Blog
Movie studios need to get real
01-10-2008
by Ralph Averbuch
It's not like, with a modest bit of effort, it's impossible to back up DVDs to a PC today. It's about as complicated as grabbing ISO images of the disc and then using freely available software, such as the VLC media player, to view them. There are all sorts of downloadable bits of software which will rip DVDs and let you transcode them for all sorts of devices. So you might wonder why would RealNetworks decide to launch a USD30 package that lets you back up your DVDs to your PC? Well, fact is they have, and, in what looks like an exercise in gathering visibility, have taken out a suit against the movie studios to make their point. Of course the movie studios are having none of it and are counter-suing. But it all seems very much after this particular horse has bolted. Why try to make legal precedent when the practical reality is that movies have, are, and will continue to be ripped to all sorts of devices because it's quite simply convenient for the consumer?
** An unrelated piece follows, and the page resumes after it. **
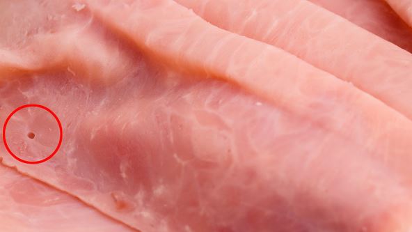 U mesnoj industriji, česta je praksa da se meso ubrizgava salamurama - mešavinom vode, soli i začina, koja poboljšava ukus, mekoću i sočnost suhomesnatih proizvoda. Ako se tečnost ne rasporedi ravnomerno ili se tokom procesa pojave mehurići vazduha, nakon sečenja šunke, oni mogu da budu vidljivi kao male rupice.

DVDs are not the most robust of objects. Perhaps it would be better to allow legitimate owners to legally back up their DVDs or to save them to USB memory keys or whatever else suits their needs. Even if the movie moguls win this battle with RealNetworks they have already lost the war. Copy protection and restrictive usage policies do not endear themselves to the average consumer, the vast majority of whom are happy to be law-abiding where that law isn't so clearly an ass. RealNetworks' new RealDVD program is simply a visible example of how poorly the entertainment industry understands how to exploit their medium in the digital, always-on age.